Lysteria monocytogenes is a facultative intracellular parasite able to cause meningitis and septicaemia. The encapsulation of ampicillin in liposomes decreases the survival of L. monocytogenes in mouse peritoneal macrophages to different extents, depending on the composition of the liposomes [208]. Chitosan-coated plastic films, alone or loaded with antimicrobial agents, were evaluated for their effect against L. monocytogenes.
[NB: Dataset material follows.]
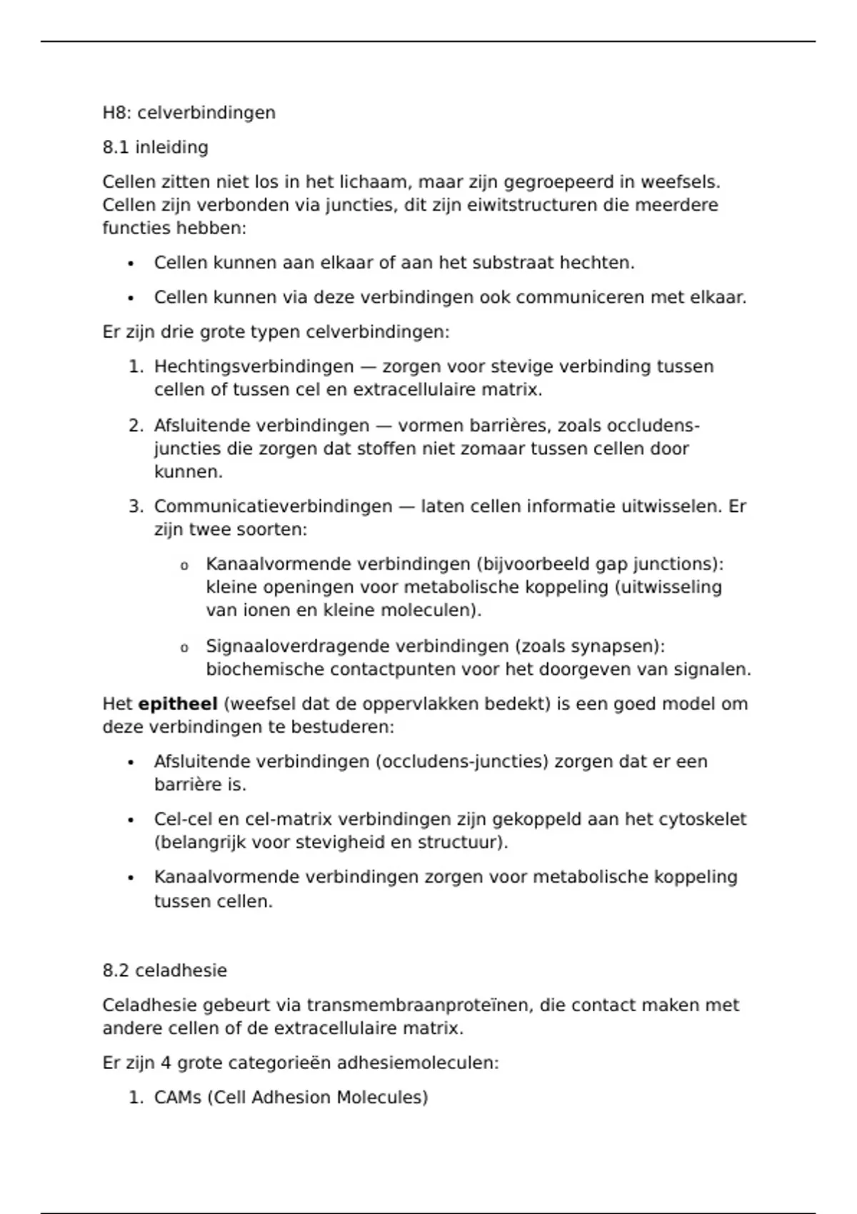 Cellen zijn verbonden via juncties, dit zijn eiwitstructuren die meerdere

These chitosan-coated films inhibited this pathogen growth in a concentration-dependent manner whereas chitosancoated films impregnated with antibiotics were significantly more effective against L. monocytogenes [209]. Formulation of gentamicin in liposomes containing DOPE (dioleylphosphatidylethanolamine) and sensitive to pH has been reported to increase the concentration of drug in mouse macrophages infected with L. monocytogenes, increasing its bactericidal activity. This formulation is more effective against L. monocytogenes than against other bacteria owing to its location in the cytosol [210]. Furthermore, the efficacy of liposomes and free antibiotic were distinguished in Listeria-infected mice. Seven days after the treatment, ampicillin-loaded liposomes had reduced the infection by 3.2 logs in the liver and 2.8 logs in the spleen, while free ampicillin was ineffective [208]. In another example, ampicillin-encapsulated polyisohexylcyanoacrylate nanoparticles have been investigated against L. monocytogenes in mouse peritoneal macrophages [211].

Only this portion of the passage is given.